第17章 坑深十七米
狐之助連哭帶喘,一句囫囵話也說不出來,好在還算能順利的打開時間裝置,茗也就懶得從他那裏得到答案。反正一切等回到本丸後自然就能揭曉,早一會兒晚一會兒不會有什麽太大的差別。
很快,他們就站在了本丸大門前,正是出發的地方。鶴丸和藥研上前推開大門,茗擡腳邁過門檻走了進去。第一時間感知到主人歸來,付喪神們亂糟糟的擠在中庭,她擡頭點了點人數,發覺缺了幾個人,于是直接問道:“長谷部呢?”
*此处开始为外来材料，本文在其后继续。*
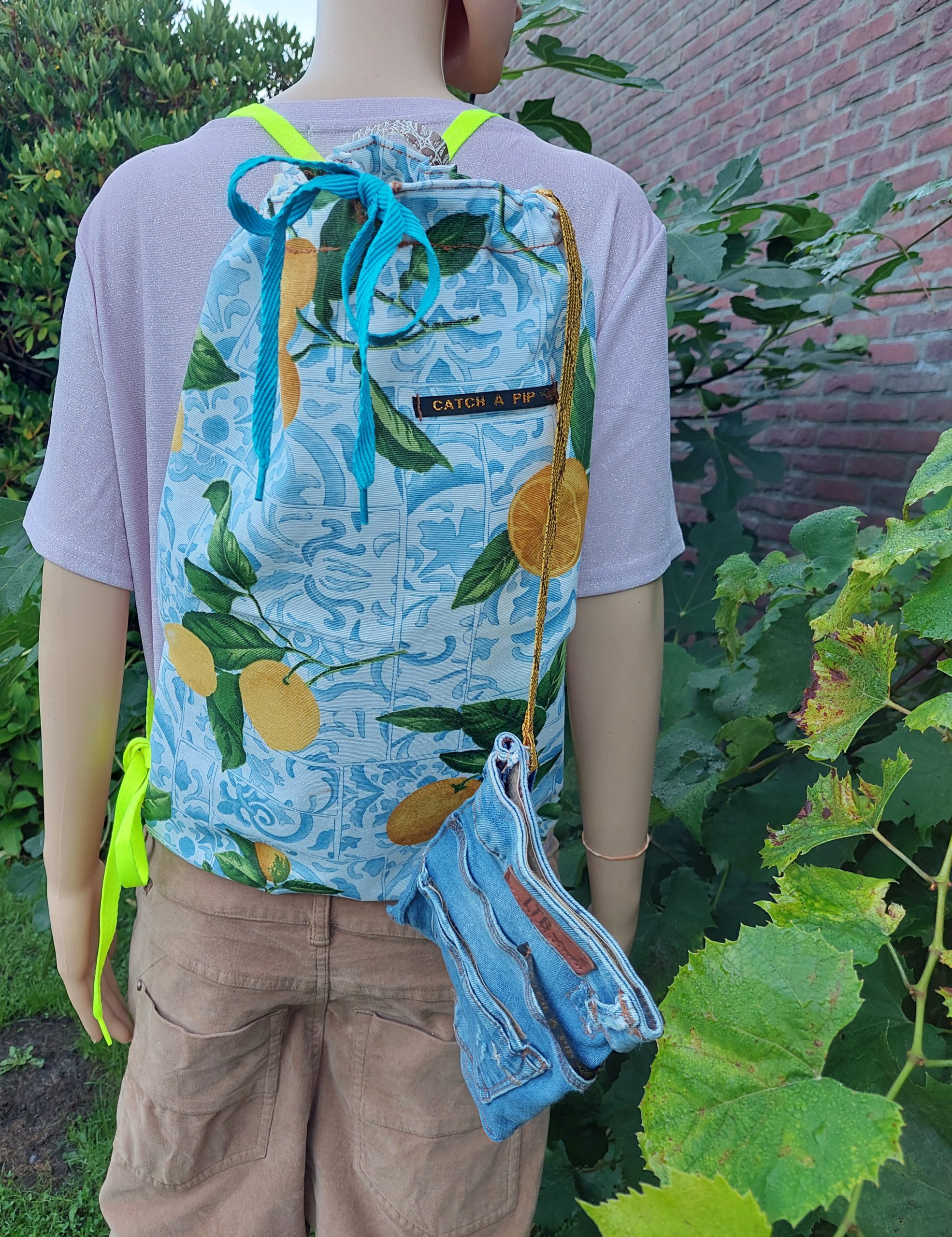 ‘IF LIFE GIVES YOU LEMONS’ is een handig klein rugzakje gemaakt voor mijzelf. Gemaakt van een canvas stof met Citroenenprint erop, geheel gevoerd met transparant PVC en dus waterdicht. Met een handig bijtasje gemaakt van re-used jeans met vele vakjes die afsluitbaar zijn met klittenband. De neon gele draagbanden zijn verstelbaar. Een gemakkelijk en praktisch klein rugzakje voor op de fiets of aan de wandel. NOT FOR SALE!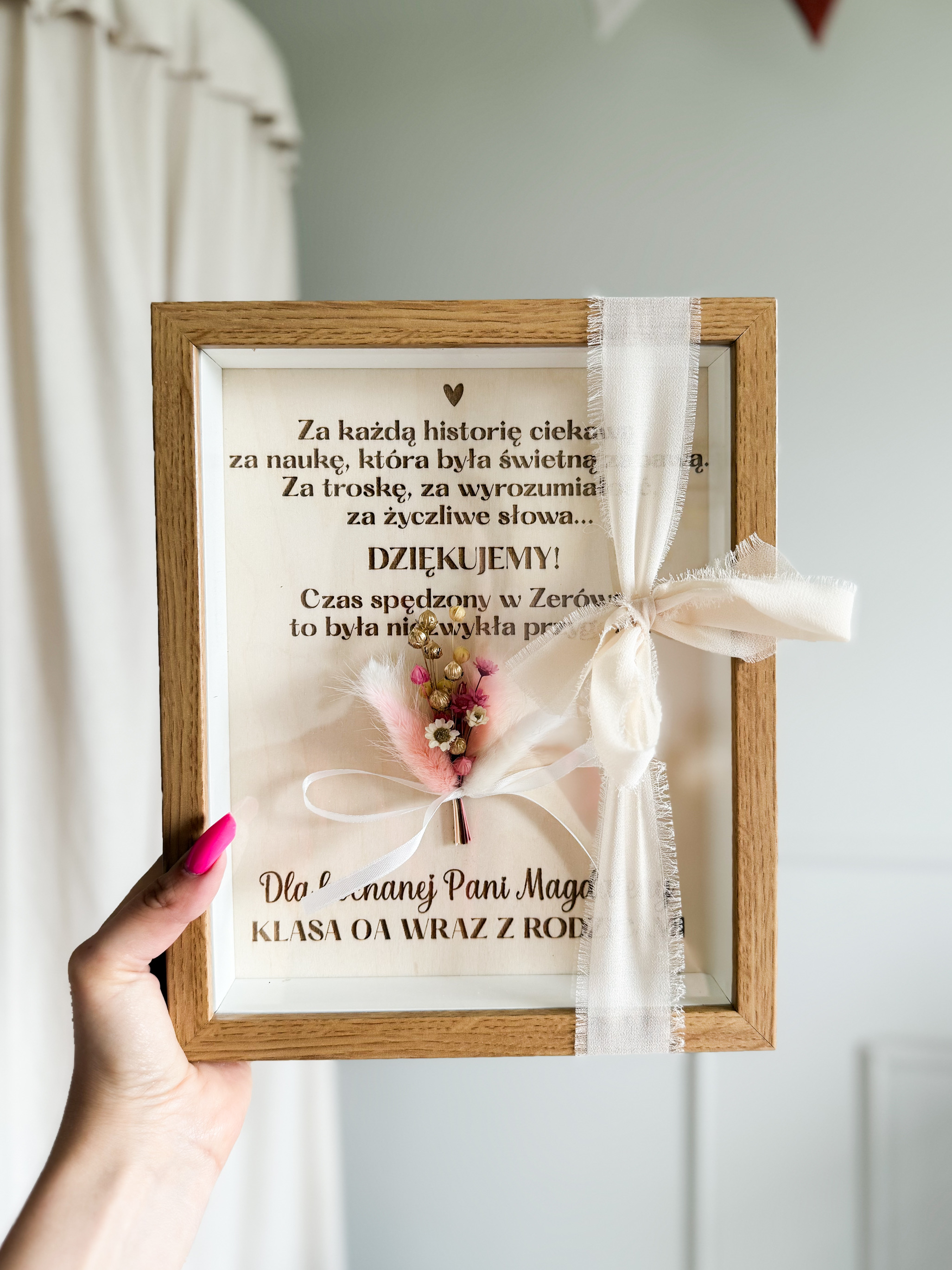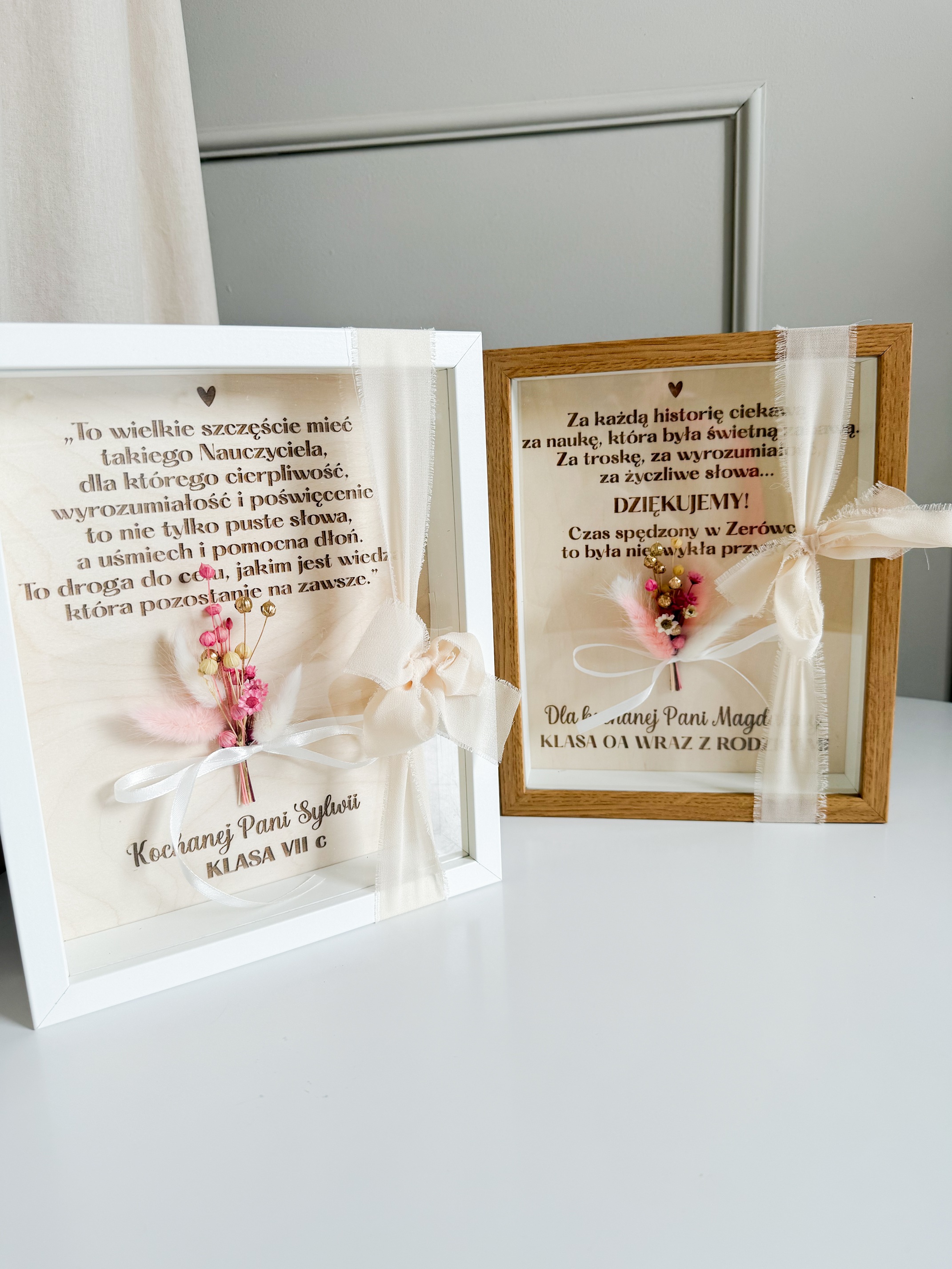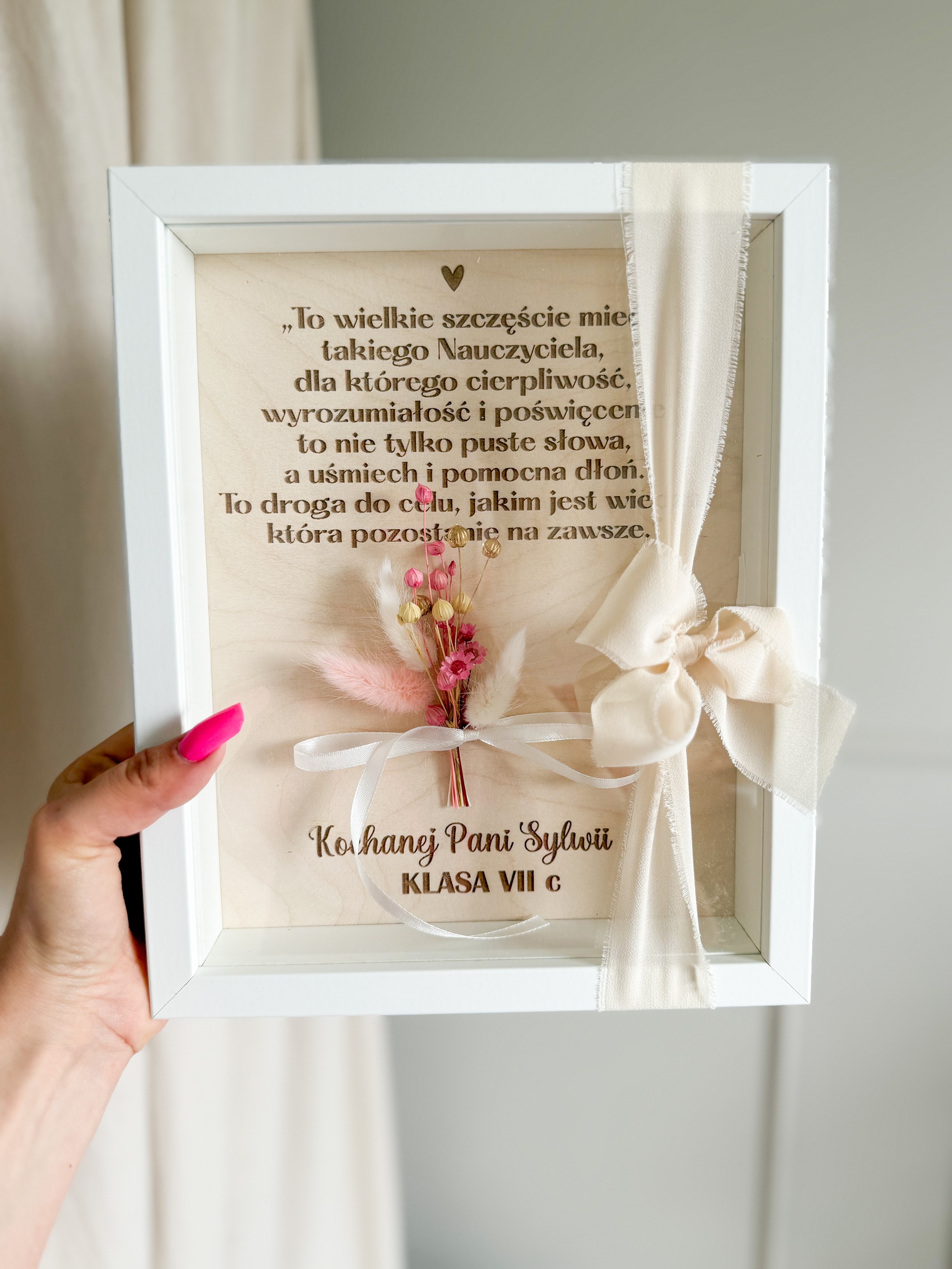Ramka z podziękowaniem i suszonym bukiecikiem – Personalizowany prezent dla nauczyciela lub wychowawcy

領着一群弟弟的一期一振立刻回答:“長谷部君在手入室,暫時沒有什麽危險。”
茗的腳步停了下來,她十分詫異看向藍發青年:“受傷?你們出去玩不都是帶着禦守嗎?怎麽會這麽嚴重?”
一期一振有些為難,他非常不習慣在同僚背後轉述什麽,但如果不立即說明,也許會造成非常嚴重的後果:“啊......抱歉,事情是這樣的,您離開不久弟弟們閑着無聊去幫長谷部及歌仙做日課,鍛刀的時候無意中得到了一位新的同僚,這本來是一件令人高興的事......”他停下來理了理思路繼續說道:“但是新人的輩分比我等要高出一些,至少他自己是這樣認為的......”
“原本一切都還算正常,但是昨天有一位審神者派遣她的付喪神前來送了張帖子......新人和來使沒說兩句就動起手來,長谷部君挺身而出然後就受傷了......還好那天他們剛剛出陣回來,身上的禦守還沒有摘掉......”
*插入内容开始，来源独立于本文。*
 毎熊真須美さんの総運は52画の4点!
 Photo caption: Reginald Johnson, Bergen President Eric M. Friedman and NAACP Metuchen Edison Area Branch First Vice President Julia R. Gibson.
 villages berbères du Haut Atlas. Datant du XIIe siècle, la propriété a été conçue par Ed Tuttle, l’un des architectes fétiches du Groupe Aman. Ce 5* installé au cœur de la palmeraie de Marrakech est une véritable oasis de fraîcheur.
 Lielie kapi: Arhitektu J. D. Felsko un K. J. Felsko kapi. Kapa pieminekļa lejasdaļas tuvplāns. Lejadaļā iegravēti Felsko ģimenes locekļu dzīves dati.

茗先是回頭看向跟她一同歸來的兩振刀:“鶴丸和藥研去休息。”想了想又加上一句:“我先去修複傷員,讓新人到手入室去見我。除了長谷部還有其他人受傷嗎?”
一期一振答道:“沒有了,三日月殿和小狐丸殿及時出現阻止了事态進一步擴大。另外,對方付喪神送來的帖子已經放在您的書桌上。”
她眯起眼思索了一下,揮手讓衆刀先散開:“嗯,那就先這樣,你安撫好短刀們,如果有處理不了的問題只管來找。”說完便沿着回廊向手入室的方向走去。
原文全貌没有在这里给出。